First of all, the OO.o file format is a zip file, containing a fragmented version of a document with all the textual content and metadata in XML. I am interested in the word processing component for this project, and I was able to take the default 'blank' document that is built in to the product, save it as a template, and add the new styles and lists for the WP Interop project. It was trivially easy to take the default 'style.xml' file which, weirdly, contains the style definitions, and add new definitions to it using an XSLT stylesheet to automatically create both a paragraph style and a list style (if required) for a representative sample of the styles we will need.

This is a great job for a computer, building styles that are easily parameterized. The same is presumably possible in Word using an XML-ized version of a document, but it is easy to do in Word's macro language, and there is an existing macro from my past we can adapt.

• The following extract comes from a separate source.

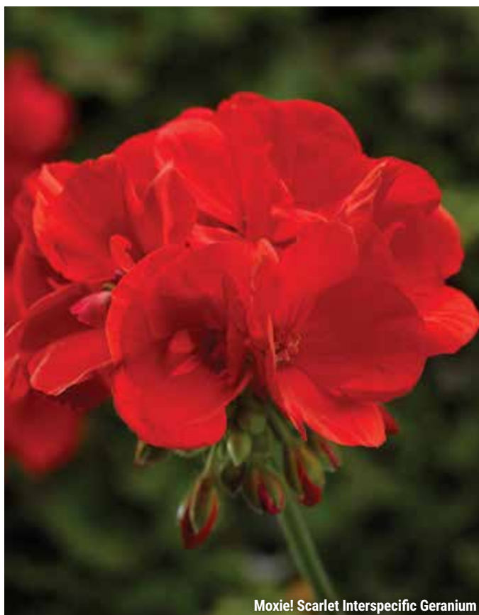
Moxie! Scarlet Interspecific Geranium

The bad news about OO.o is that the macro language is a horror, worse by far the Word's VBA and recording a macro to generate lists generates a tiny bit of usable code, some commented-out code (!) and some big gaps where it records nothing. Lucky the file format is easy to hack. And another thing about OO.o; while it has an 'export as XHTML' with a hackable stylesheet, it only works properly for images if you run the stylesheet on a saved document that you have unzipped.

The second trick was also easy but it took two weeks of very part-time mucking around to figure it out, during which time I explored all sorts of dead-end solutions that weren't.

The problem was how to take a flat list of lists as spat-out by OO.o (leaving out the items in the lists):

<text:unordered-list text:style-name="l1">
...
</text:unordered-list>
<text:unordered-list text:style-name="l2">
...
</text:unordered-list>
<text:unordered-list text:style-name="l1">
...
</text:unordered-list>

And get the middle list to embed in the first and the third to become part of the first.

<ul class="l1"> 
... 
<li> …<ul class="l2*"> ... </ul></li>
</ul>

I worked out early on that the solution was going to involve processing item by item using the 'following-sibling' axis. So you start with the first list, and it will call the next one, which may become embedded in the first. The trick is to take two runs at it. One in 'embed' mode, where you let things nest in each other, the second in 'find-more-at-the-same-level' mode, where you ignore anything that is embeddable and look for the continuation of the list you are already in, both of them called recursively.

Code for both of the above is coming as part of a first-release OO.o Writer template, as soon as I have enough to be usable. Maybe later this week.